Il calcio negato di Elias un ragazzo italiano
Il calcio è quello sport dove Francesco, Raffaele, Pietro si allenano con Elias e poi, loro, alla domenica mettono la maglietta con il numero e il proprio cognome sulla schiena e vanno in campo a giocare, mentre Elias li guarda con lo sguardo triste, seduto in jeans e felpa, dietro alla recinzione del campo.
Il calcio è quello sport dove Elias alla domenica deve andare in tribuna perché non ha il permesso di soggiorno in regola, non ha ancora la cittadinanza italiana e deve aspettare di compiere diciotto anni.
Il calcio è quello sport dove Francesco, Raffaele, Pietro quando uno della loro squadra segna un goal, tutti e tre corrono davanti alla recinzione dove è seduto Elias e lo abbracciano tra le maglie di ferro, felici di poter condividere in quel modo una gioia, anche se, in fondo, non capiscono proprio il perché.
Il calcio è quello sport dove un giorno la squadra di Francesco, Raffaele, Pietro segna e loro corrono verso il suo posto in tribuna, ma non lo vedono più, perché Elias ogni volta che vede che il suo cognome non è nella lista dei convocati perché il regolamento non lo permette, scoppia a piangere e resta a casa a guardare il risultato su whatsapp.
Il calcio è quello sport dove Elias fa il tifo per i suoi compagni come se giocasse perché, a essere sincero, questa storia che lui si alleni come gli altri e vada a scuola come gli altri e poi non possa giocare non gli va più giù, ma non può farci niente: è la legge, è la burocrazia, gli ripetono.
La squadra dove gioca Elias si allena nel quartiere Lucento, nella zona nord di Torino, meno di un quarto d'ora a piedi dallo stadio della Juventus, e questa storia risale a tre anni fa.
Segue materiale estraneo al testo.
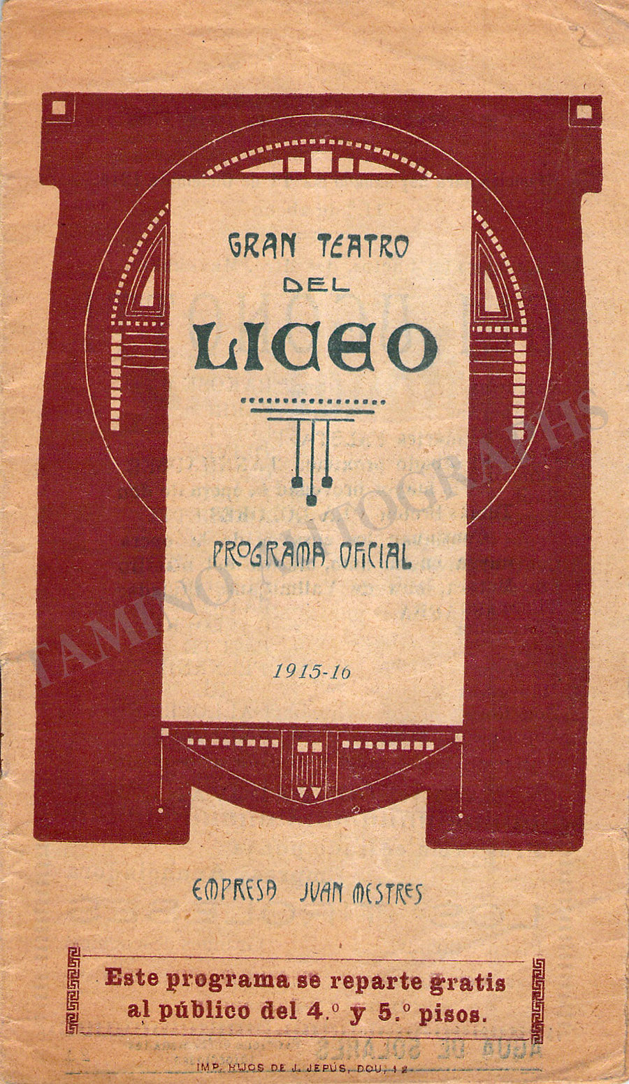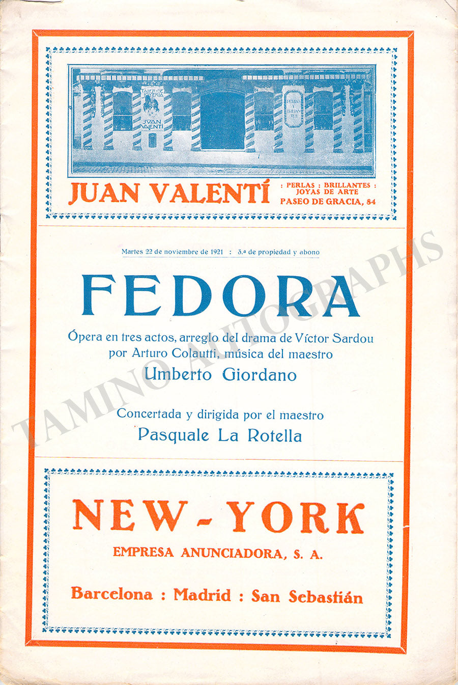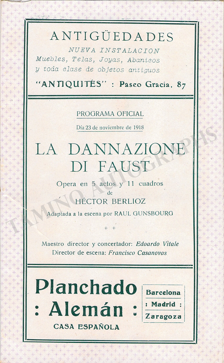 THE "TAMINO AUTOGRAPHS" semi-transparent legend over the pictures shown here does not exist in the actual item.

Non so se Elias, finalmente, sia diventato italiano anche per la legge, se continui a giocare a calcio, oppure se si sia stufato e sia andato a fare altro. Quello che so è che il calcio è quello sport dove se, oggi, Francesco, Raffaele, Pietro ed Elias vedessero davanti ai loro occhi un campione di quelli famosi come, giusto per fare un esempio, Luis Suárez, attaccante uruguaiano del Barcellona probabilmente in procinto di passare a qualche squadra italiana, smetterebbero di ridere, di parlare, di scherzare, perfino di respirare. Sì, se quel calciatore di cui tanto si è letto perché «a uno che ha uno stipendio di 10 milioni la cittadinanza gliela devi dare» e devi fargli superare un esame di italiano anche se lui «parla con i verbi all'infinito» comparisse nel campetto di Lucento quei ragazzi sarebbero travolti dall'emozione e magari Elias troverebbe il coraggio di chiedergli la maglia. Così, dopo tutta quella rabbia e quelle lacrime, al successivo allenamento di quella squadra di Lucento, il calcio sarebbe quello sport dove uno come Elias indosserebbe con orgoglio infinito la maglia di una squadra importante, con scritto "Suárez" sulle spalle mingherline.
Il calcio nel frattempo è cambiato e, come altre federazioni, nei campionati giovanili ha introdotto una forma di "ius soli" sportivo. Perché questo è il calcio, questa l'enorme responsabilità sociale che il calcio (e soprattutto i calciatori) portano con sé, sulle proprie muscolatissime spalle, insieme a quella scritta che ricorda il loro cognome. È proprio vero: il calcio può cambiare il mondo, ma bisogna volerlo.